*** Provided records
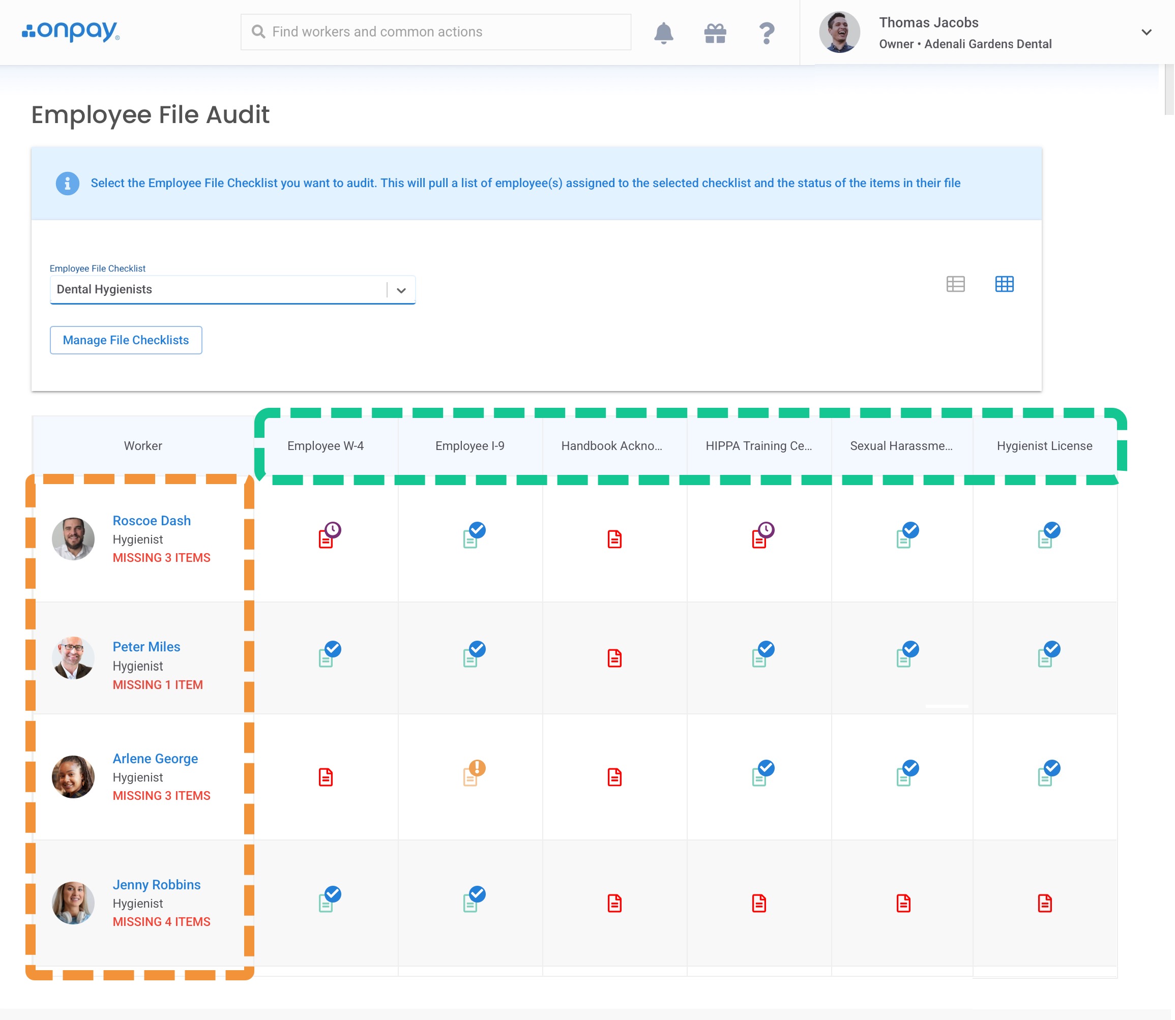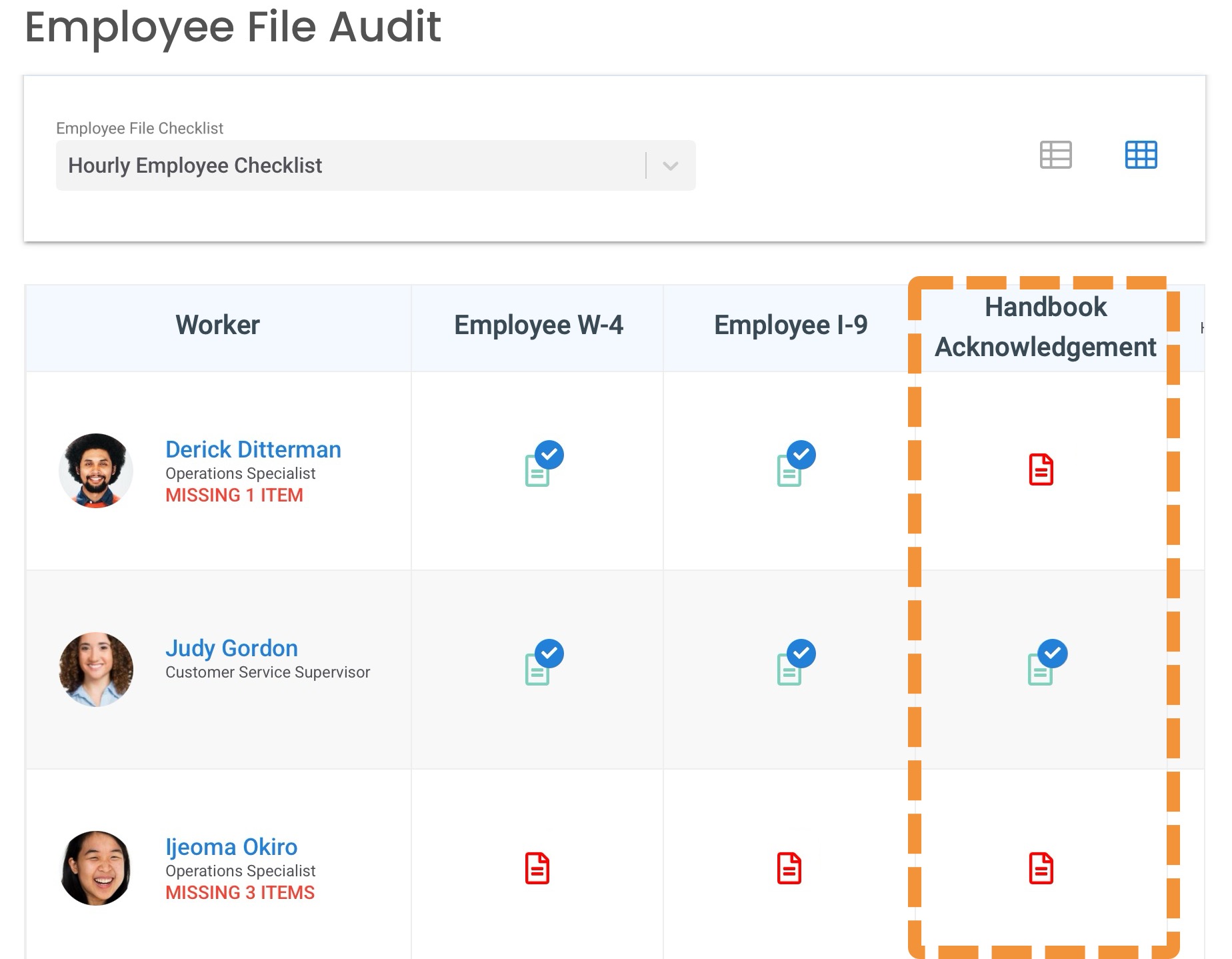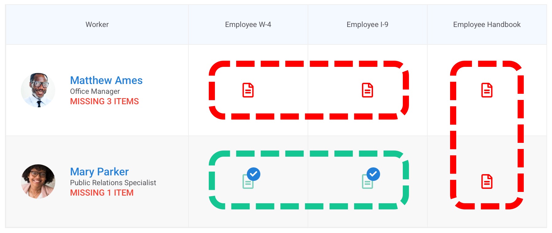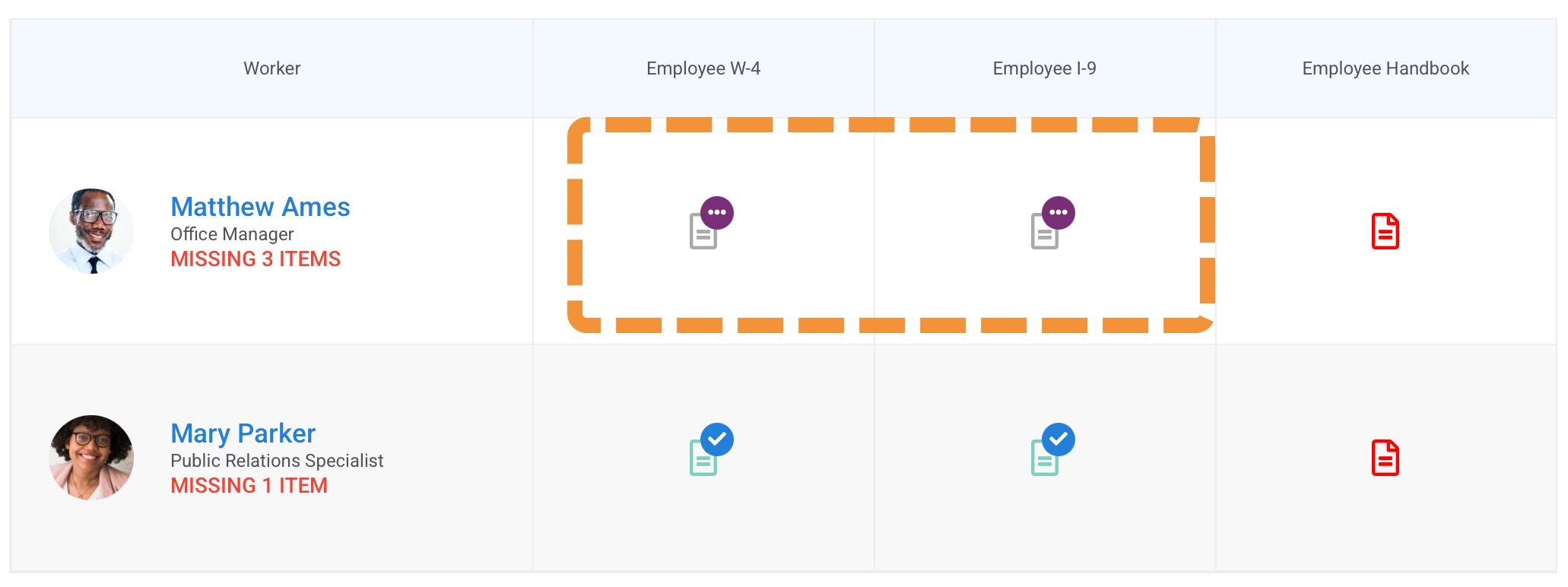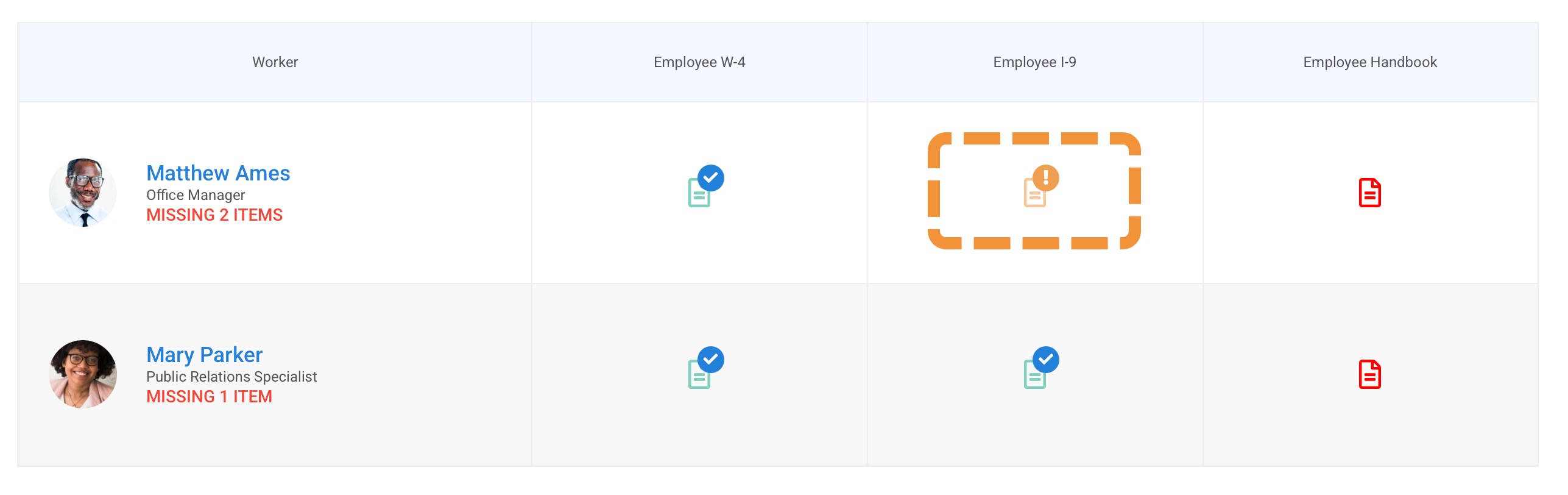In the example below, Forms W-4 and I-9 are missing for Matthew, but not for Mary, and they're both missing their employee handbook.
******
*** Provided records
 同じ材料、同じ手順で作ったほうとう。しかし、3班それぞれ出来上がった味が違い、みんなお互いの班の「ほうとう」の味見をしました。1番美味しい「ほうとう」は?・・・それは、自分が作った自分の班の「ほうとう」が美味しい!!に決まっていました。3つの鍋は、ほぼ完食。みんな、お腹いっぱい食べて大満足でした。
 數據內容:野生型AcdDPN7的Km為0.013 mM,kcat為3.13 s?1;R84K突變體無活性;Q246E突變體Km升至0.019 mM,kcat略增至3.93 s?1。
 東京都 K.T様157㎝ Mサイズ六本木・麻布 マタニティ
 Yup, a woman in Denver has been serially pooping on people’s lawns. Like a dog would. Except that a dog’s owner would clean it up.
******
**Task item**: In the entries above, find the line holding "東京都 K.T様157㎝ Mサイズ六本木・麻布 マタニティ" and the line holding "Yup, a woman", then retype exactly those two lines and every line between them, and nothing else.

**Reply to the task**:
 東京都 K.T様157㎝ Mサイズ六本木・麻布 マタニティ
 Yup, a woman in Denver has been serially pooping on people’s lawns. Like a dog would. Except that a dog’s owner would clean it up.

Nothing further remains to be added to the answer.